The figures slipped down the slope, falling to the ground several times. He now saw they were not wearing running kit, but something else, full uniform. Like wounded soldiers, the figures helped each other across the field. The figures, he realized with dismay, belonged to boys he knew well.

The next hour blended with the hours that followed. Sometimes when John thought back on it, he recalled every detail with a horrible excitement. He could recall Rees's senseless keening at the sight of him. Morgan Wilberforce's steely demeanor. His own fascinated alarm seeing Wilberforce's dislocated arm. The thrill of speaking sharply to Rees and demanding he pull himself together. How unhesitating and sharp his judgment had been, dispatching the fastest runner back to the Academy for help, halting the run, turning it around, sending it back from whence it had come. Then running as fast as he could up the brutal, slippery slope.

John was familiar with death. He was accustomed, or had once been, to shifting the corpses of young men. He was not accustomed to fashioning a makeshift stretcher to transport the body of a Sixth Former in school uniform, or to carrying the body of a pupil in tandem with Fardley across a squelching field and loading it into the back of Fardley's lorry. He knew what it was to ride in the back of rough vehicles with bodies that shifted at ruts in the road, bodies that moaned constantly, intermittently, or not at all. He knew the sticky feeling of human blood outside the body. He had many times permitted it to soak his clothing, not, however, the bare skin of his legs in running shorts and not his clammy singlet. John had suffered cold, wet, mud, and snow in the line of duty, but all stood apart from this interval fighting chill in the back of the school lorry as his blood returned to its usual temperature, unlike the blood in the other body, which was turning fortysome degrees Fahrenheit, though as he recalled, it took several hours for heat to depart entirely.
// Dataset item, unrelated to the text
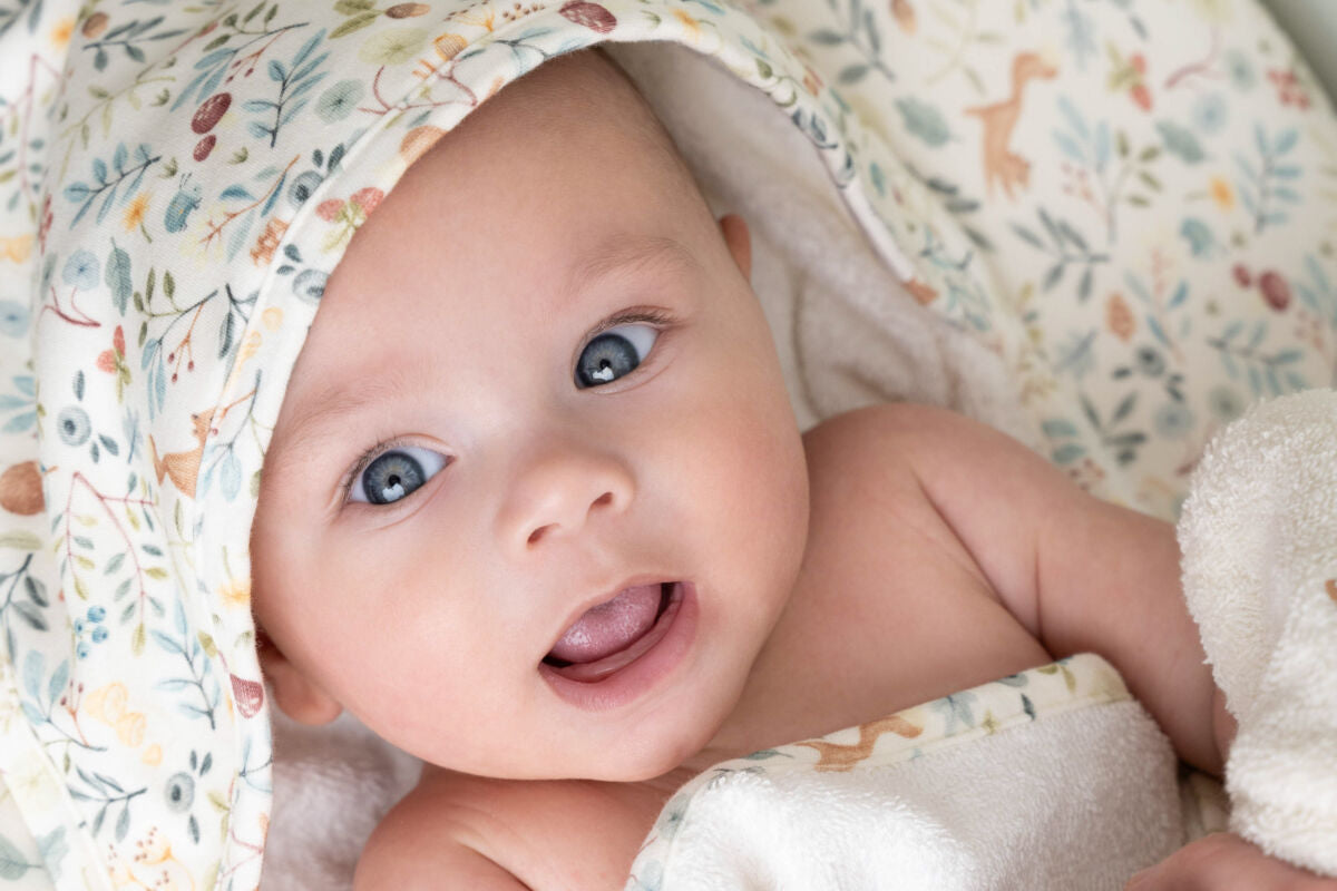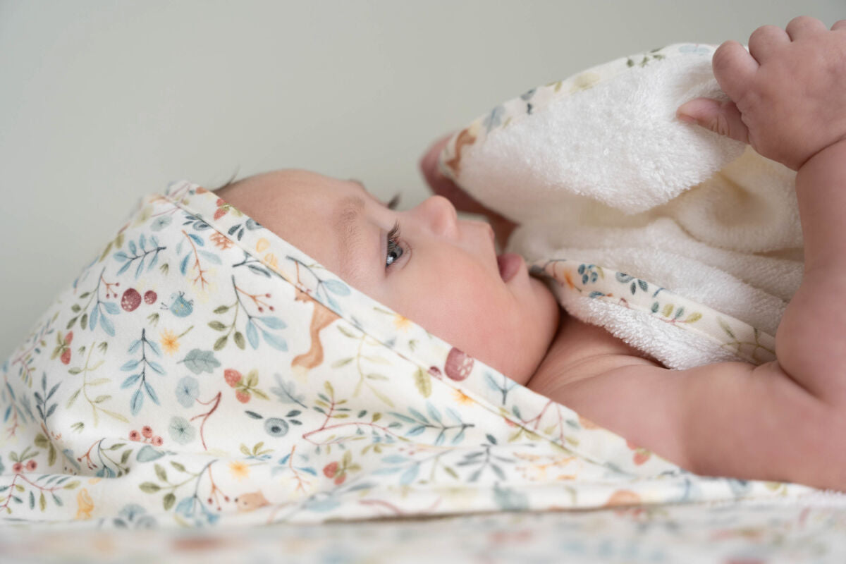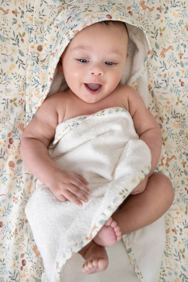 Apgaubkite savo mažylį šiluma ir jaukumu! Šis didesnio dydžio rankšluostis (100 × 100 cm) pagamintas iš 100% ekologiškos medvilnės frotinio audinio, kuris ypatingai švelniai priglunda prie jautrios odelės. Gobtuvas iš organinės trikotažinės medvilnės suteikia papildomos šilumos ir užtikrina, kad galvytė visuomet būtų tinkamoje temperatūroje, apsaugota nuo vėsaus vėjo. Baltojo rankšluosčio paprastumą pagyvina žaismingas „Forest Wonders“ dizainas – lyg mažytės pasakos akimirka vonios ritualuose.

Rees and Wilberforce he had ordered back to the school. Wilberforce had resisted, wanting to help recover the body. Of the two, Wilberforce looked a just-walking casualty of battle. John had snapped Wilberforce's arm back into place there on Abbot's Common before it did any more damage hanging crazily at his side. He had not yelped at the procedure or revealed any discomfort even when John bundled the arm roughly back into the discarded sling. He appeared not to feel the blood coursing down his cheek, which had split open, or from his mouth, an injury John ascertained as nothing more than a bitten tongue, though it looked as though he'd had his throat slit. Rees appeared essentially uninjured apart from some grazing at his collar, but he continued to wail almost hysterically, so John sent him back to the Academy under the escort of two boys from Rees's own House. Wilberforce, having endured John's setting his arm, insisted on leading John back up the slope, to the scene of the disaster.

John examined the body. Wilberforce, in the grip of a strange euphoria, insisted that John feel for a pulse, at the throat, at the wrist, anywhere possible. John assured him Spaulding was dead, but Wilberforce drew him back to the body several times, insisting he'd seen the chest move, or that he'd felt a pulse. Spaulding was still warm, Wilberforce kept repeating. Surely John could revive him.

John had been reduced to dragging Wilberforce physically from the scene, taking him outside, and speaking to him in the most brutal terms. Wilberforce was by this time beginning to shiver, his skin pale against the blood smeared across it. Something seemed to have shaken loose inside his brain, John thought at the time, though later he recalled many men from the trenches speaking the same way, as if every restraint upon conversation had been destroyed.